**What is required:** The records that follow need to be printed exactly. Leave out each image.

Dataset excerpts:
--- START ---
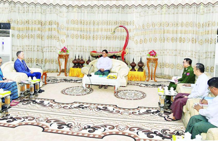 နိုင်ငံတော်စီမံအုပ်ချုပ်ရေးကောင်စီအဖွဲ့ဝင်၊ ဒုတိယဝန်ကြီးချုပ်နှင့် ကာကွယ်ရေးဝန်ကြီးဌာန ပြည်ထောင်စုဝန်ကြီး ဗိုလ်ချုပ်ကြီး တင်အောင်စန်း မြန်မာနိုင်ငံဆိုင်ရာ ကုလသမဂ္ဂယာယီဌာနေညှိနှိုင်းရေးမှူးနှင့် လူသားချင်းစာနာထောက်ထားမှုဆိုင်ရာ ယာယီညှိနှိုင်းရေးမှူးဖြစ်သူ Mr. Marcoluigi Corsi ကို လက်ခံတွေ့ဆုံ
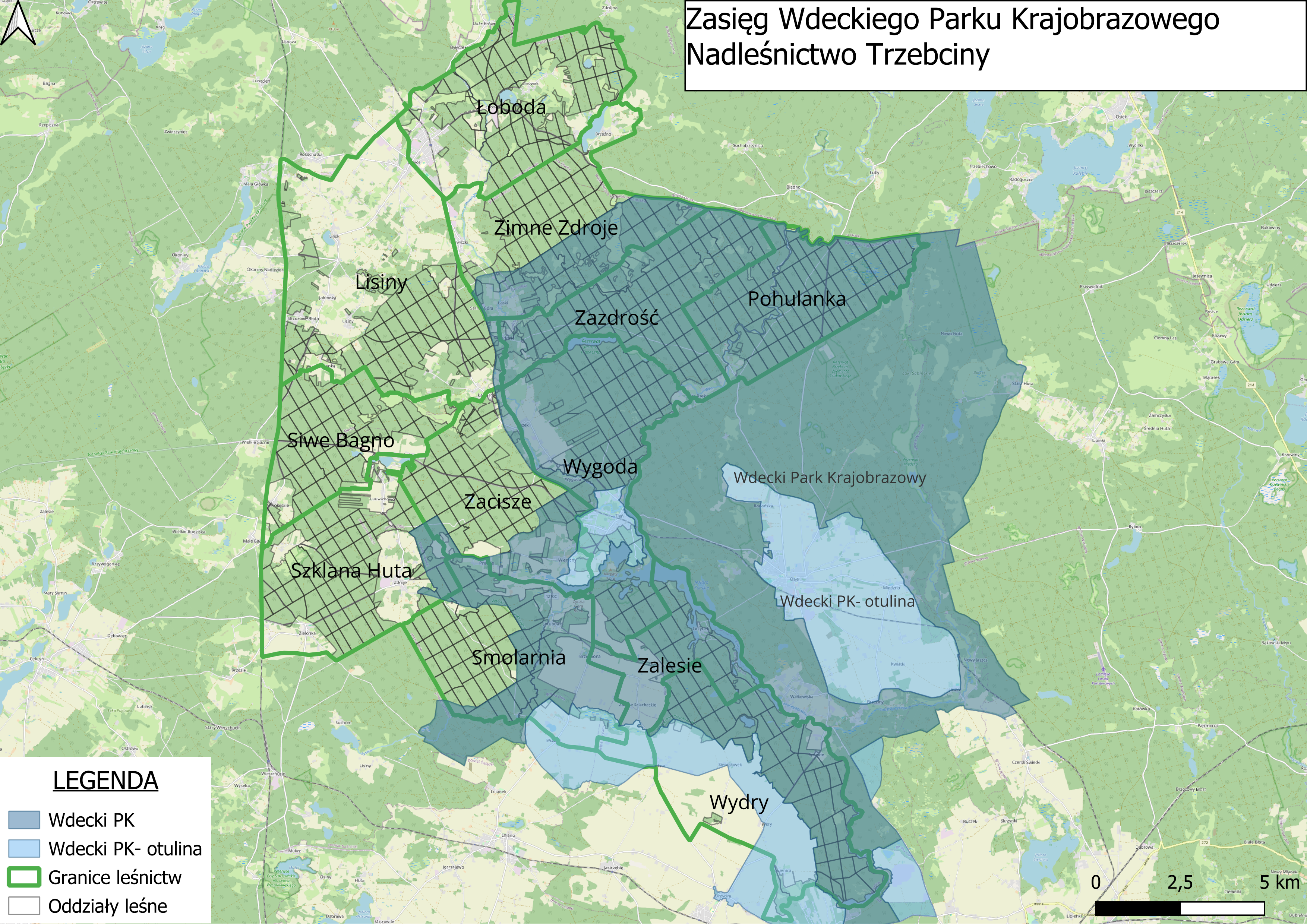 Wdecki Park Krajobrazowy obejmuje w całości leśnictwa Pohulanka, Zazdrość, Wydry, Zalesie, Wygoda a także części leśnictw Zimne Zdroje, Smolarnia, Zacisze oraz Szklana Huta.
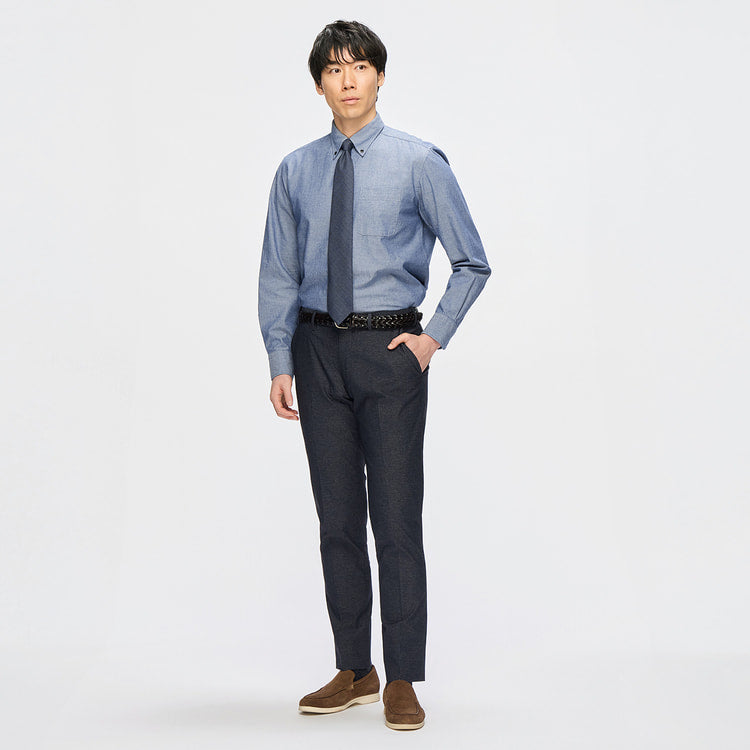 领口与衣身前侧使用柔软衬芯,略宽版型好活动,衬衫衣长精心计算,扎与不扎都俐落。
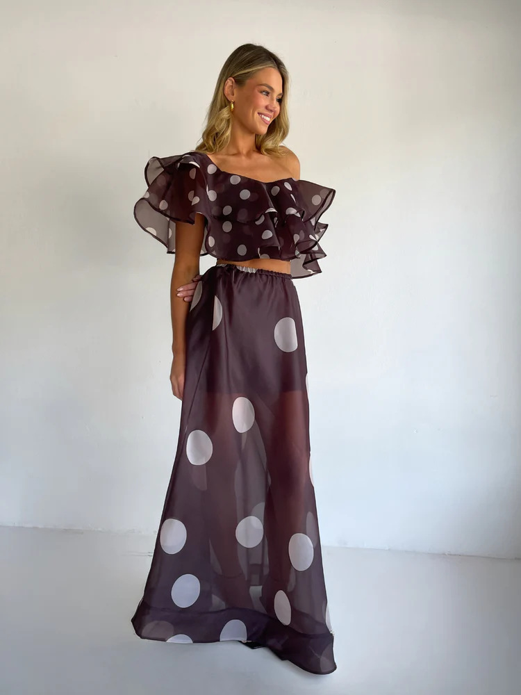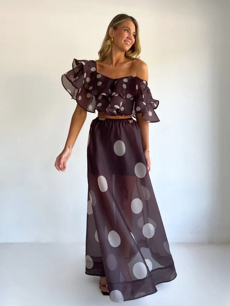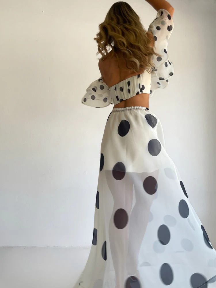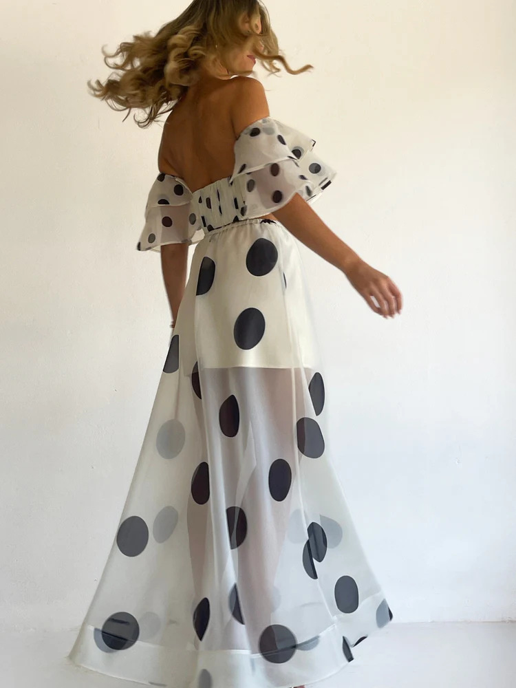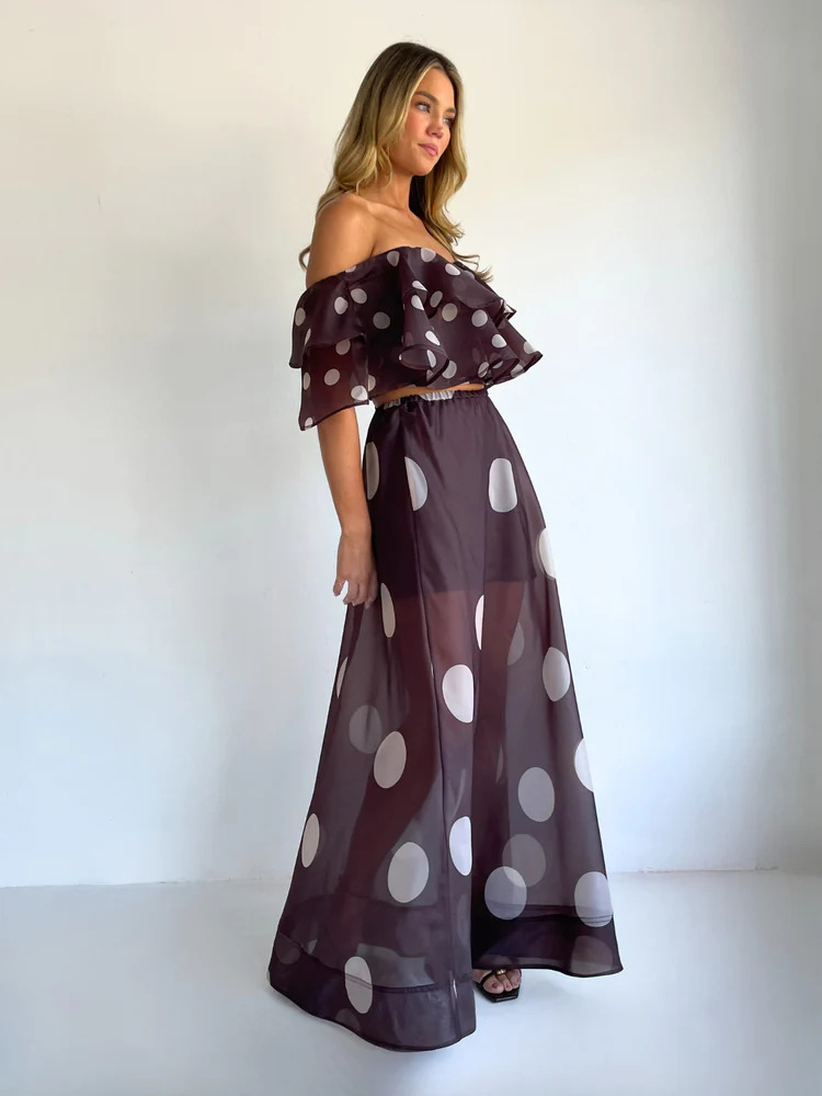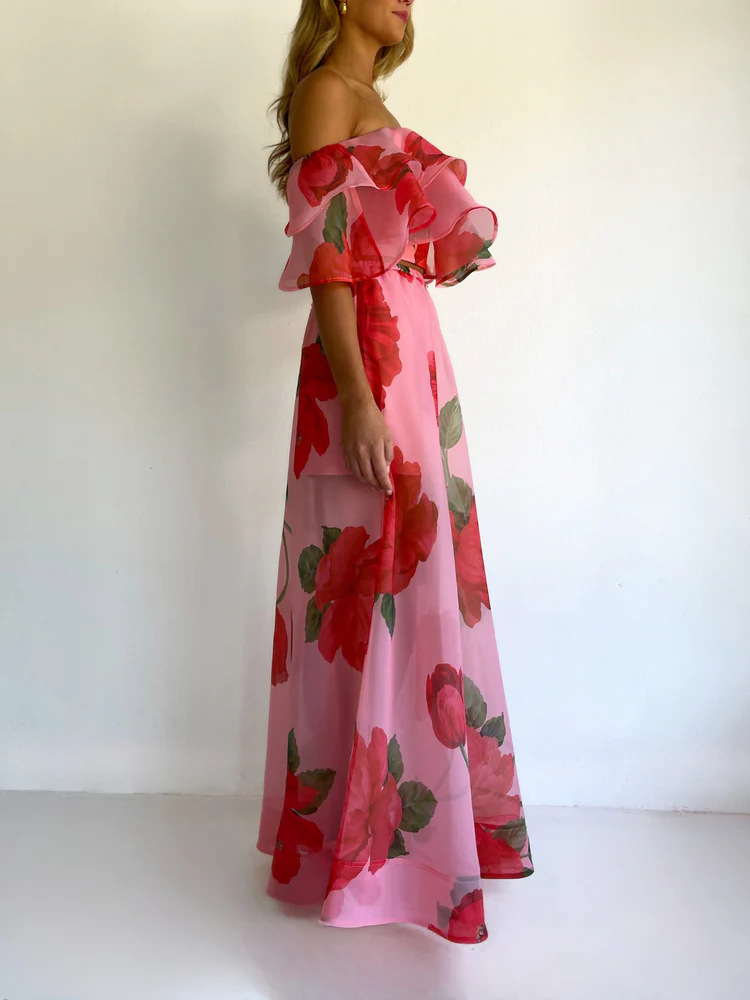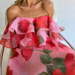 Sexy Strapless Irregular Print Ruffled Fashion Suit Long Dress
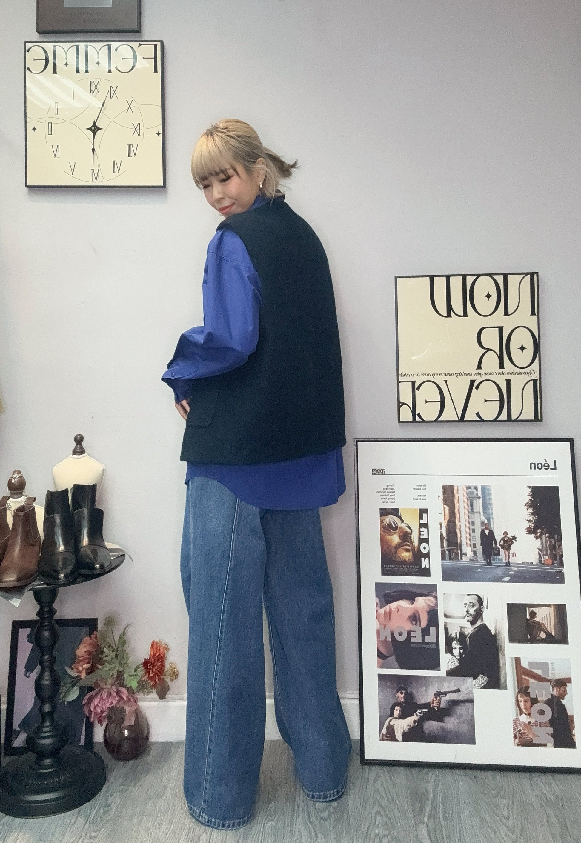 Pleated hem vest wool jacket
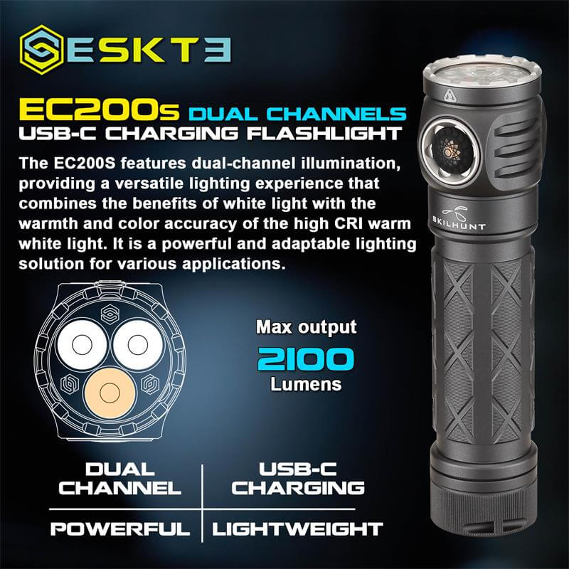 SKILHUNT EC200S 2100+570 lumens Dual Channel USB-C Rechargeable Powerful EDC flashlight
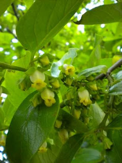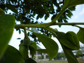 This morning during a lull in activity, I wandered over to get a quick drink of water. Looking up at the kaki's branches, I noticed some small white blossoms surrounded by green leaves that resembled nothing so much as lips. A closer inspection of other branches revealed tiny, tiny kaki just beginning to form. I'd noticed the mini-fruit before, but never spotted them quite so young. Somehow I'm amazed every time.
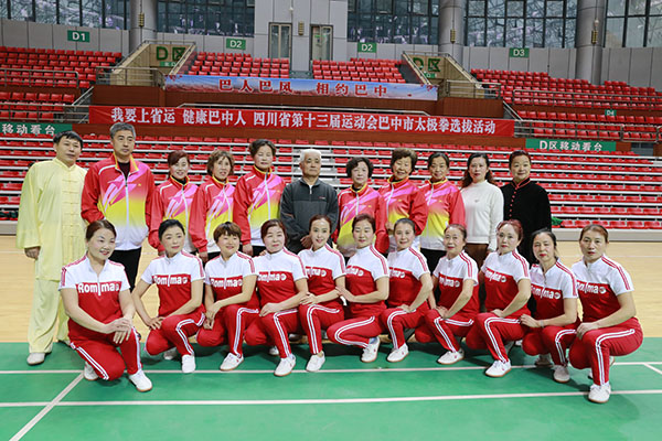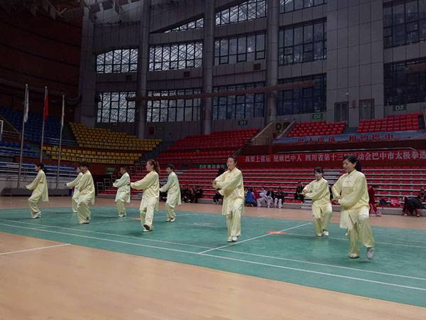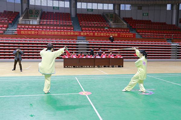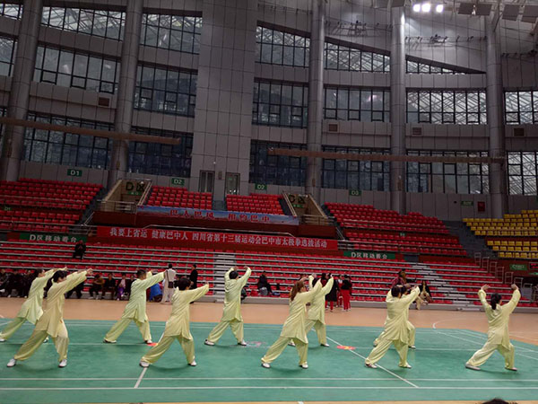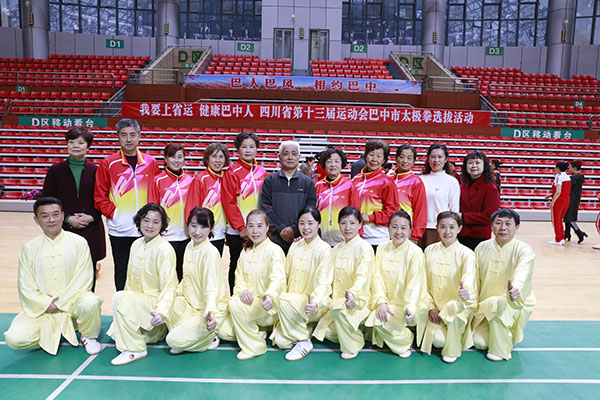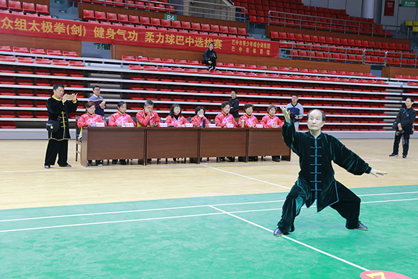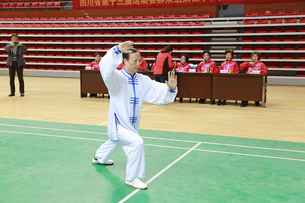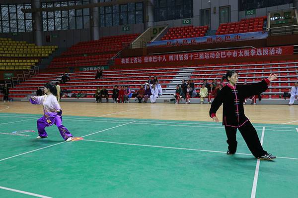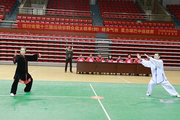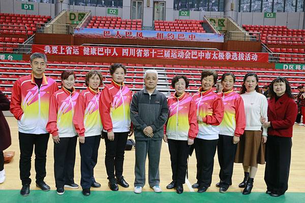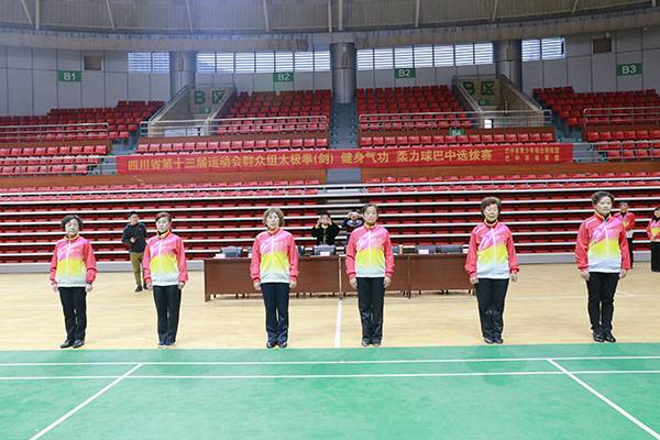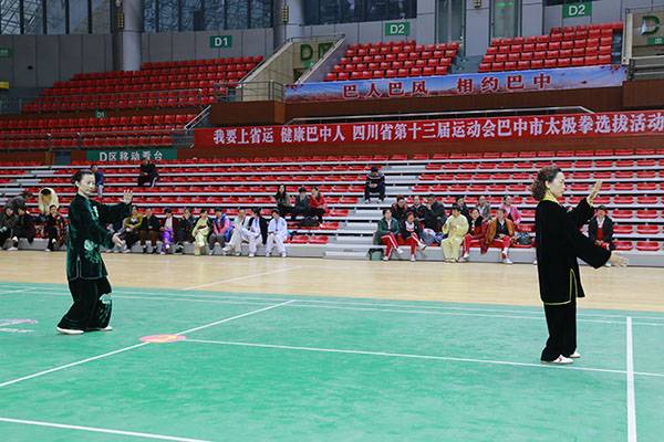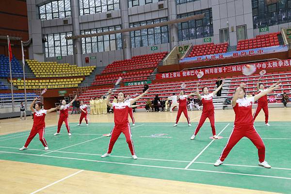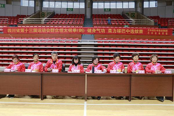 四川省第十三届运动会群众组太极拳(剑)、健身气功、柔力球巴中选拔赛三月四日上午在市体育馆举行。市体育局副局长、市体育总会副会长鲁瑛岀席并担任监审组组长,市体育局体育科科长周健、会长刘云太组成仲裁组。
--- END ---
**Answer to this exercise:**
 နိုင်ငံတော်စီမံအုပ်ချုပ်ရေးကောင်စီအဖွဲ့ဝင်၊ ဒုတိယဝန်ကြီးချုပ်နှင့် ကာကွယ်ရေးဝန်ကြီးဌာန ပြည်ထောင်စုဝန်ကြီး ဗိုလ်ချုပ်ကြီး တင်အောင်စန်း မြန်မာနိုင်ငံဆိုင်ရာ ကုလသမဂ္ဂယာယီဌာနေညှိနှိုင်းရေးမှူးနှင့် လူသားချင်းစာနာထောက်ထားမှုဆိုင်ရာ ယာယီညှိနှိုင်းရေးမှူးဖြစ်သူ Mr. Marcoluigi Corsi ကို လက်ခံတွေ့ဆုံ
 Wdecki Park Krajobrazowy obejmuje w całości leśnictwa Pohulanka, Zazdrość, Wydry, Zalesie, Wygoda a także części leśnictw Zimne Zdroje, Smolarnia, Zacisze oraz Szklana Huta.
 领口与衣身前侧使用柔软衬芯,略宽版型好活动,衬衫衣长精心计算,扎与不扎都俐落。
 Sexy Strapless Irregular Print Ruffled Fashion Suit Long Dress
 Pleated hem vest wool jacket
 SKILHUNT EC200S 2100+570 lumens Dual Channel USB-C Rechargeable Powerful EDC flashlight
 This morning during a lull in activity, I wandered over to get a quick drink of water. Looking up at the kaki's branches, I noticed some small white blossoms surrounded by green leaves that resembled nothing so much as lips. A closer inspection of other branches revealed tiny, tiny kaki just beginning to form. I'd noticed the mini-fruit before, but never spotted them quite so young. Somehow I'm amazed every time.
 四川省第十三届运动会群众组太极拳(剑)、健身气功、柔力球巴中选拔赛三月四日上午在市体育馆举行。市体育局副局长、市体育总会副会长鲁瑛岀席并担任监审组组长,市体育局体育科科长周健、会长刘云太组成仲裁组。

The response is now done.